AIM OF THE EXERCISE | This exercise calls for the whole listing to be given again exactly, without images.

RECORDED INFORMATION |
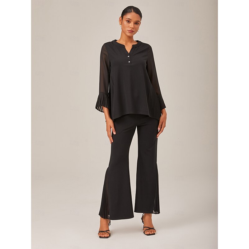 Highlights Key Selling Points: - Flattering high waistline - Elegant ruched design - Stylish pleated detailing - Sophisticated V-neck neckline
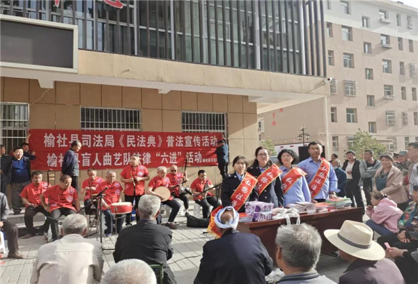 5月24日,榆社县司法局民法典普法讲法小分队联合盲人曲艺队到文景苑移民小区,开展以“美好生活·民法典相伴”为主题的普法讲法活动。盲人曲艺队以群众喜闻乐见的快板、“三句半”等形式,将民法典中与群众生活息息相关的内容编成朗朗上口的榆社“土话”,进行说唱。普法讲法小分队深入群众家中,为行动困难群众面对面进行法律咨询。共发放民法典等法律六进小册子1000余册,法治宣传生活用品300余件,解答法律问题10余户。
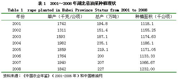 经过样本数据与模型的测算,得到1991-2008年间,科技进步的贡献率为18.09%。华中农业大学与中国农业科学院油料作物研究所均位于湖北,它们是全国油菜科研实力最强的单位,2000年以来,它们共有13个品种通过了湖北省的审定,5个品种通过了国家的审定。其中华杂系列、中油杂系列、华双和中双系列均为优良品种。

WRITTEN SOLUTION |
 Highlights Key Selling Points: - Flattering high waistline - Elegant ruched design - Stylish pleated detailing - Sophisticated V-neck neckline
 5月24日,榆社县司法局民法典普法讲法小分队联合盲人曲艺队到文景苑移民小区,开展以“美好生活·民法典相伴”为主题的普法讲法活动。盲人曲艺队以群众喜闻乐见的快板、“三句半”等形式,将民法典中与群众生活息息相关的内容编成朗朗上口的榆社“土话”,进行说唱。普法讲法小分队深入群众家中,为行动困难群众面对面进行法律咨询。共发放民法典等法律六进小册子1000余册,法治宣传生活用品300余件,解答法律问题10余户。
 经过样本数据与模型的测算,得到1991-2008年间,科技进步的贡献率为18.09%。华中农业大学与中国农业科学院油料作物研究所均位于湖北,它们是全国油菜科研实力最强的单位,2000年以来,它们共有13个品种通过了湖北省的审定,5个品种通过了国家的审定。其中华杂系列、中油杂系列、华双和中双系列均为优良品种。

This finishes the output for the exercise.